As the narrative of the final violent event plays out, the panels become more regular and more cinematic, mimicking the ratio of a theatrical widescreen. The chaotic action of the previous pages gets stripped down to reveal the horrifying realization of Meiko’s death. Once the guard does his evil deed, the story becomes entirely about the women’s responses.
Cell 1 gives us the reverse over-the-shoulder shot of the final panel from the last page where Penny looked for Meiko. Penny’s role in this moment is so crucial, she takes up more than half the panel even though her back is turned. Meiko was dear to her, and Meiko’s death comes in part because Penny wasn’t there to protect her. At least, I predict that’s what Penny will think, blaming herself for the tragedy.

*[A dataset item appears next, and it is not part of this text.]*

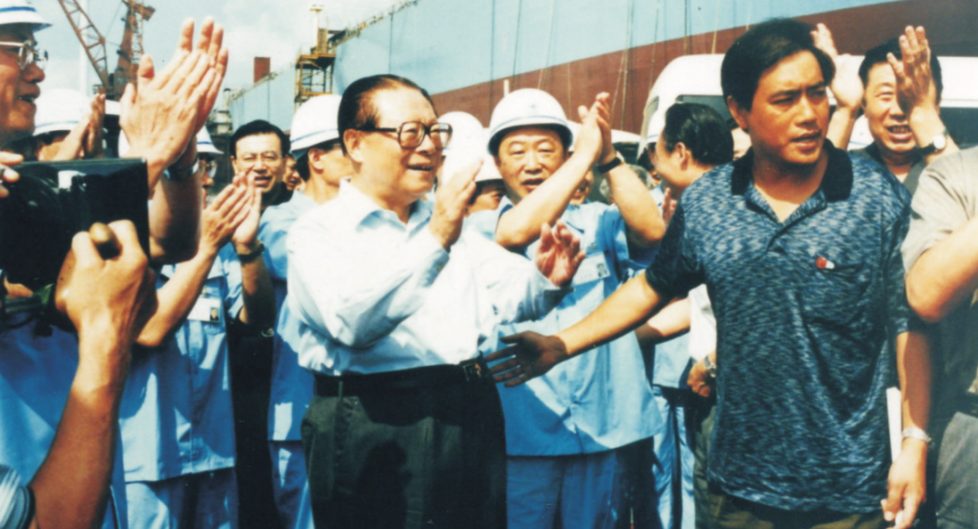1994年4月29日,江澤民同志在視察江南造船時看望工人。
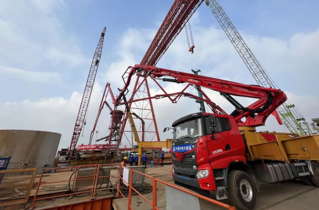 新年伊始,在甬舟铁路西堠门公铁两用大桥5号墩建设现场,随着好体育投注网站S级71米泵车在5号墩钻孔桩最后一方混凝土灌注的完成,世界最大跨度公铁两用大桥和世界最宽跨海大桥——西堠门公铁两用大桥的5号主墩18根直径6.3米钻孔桩混凝土全部灌注完成,大桥建设已经取得阶段性进展!

Cell 2 gives us the next moment, cutting Penny out of the frame to emphasize she’s not close enough to act, and instead showing Meiko’s sassy score celebration over-the-shoulder of the closest guard. He calls her a “little girl” to insult and disempower her. But that’s just a prelude to the physical assault that starts in cell 3. This panel is short but wide, honing in on the arm which grabs her by the hair, pulling the reader’s eye to the squint of Meiko’s eyes as she painfully grimaces.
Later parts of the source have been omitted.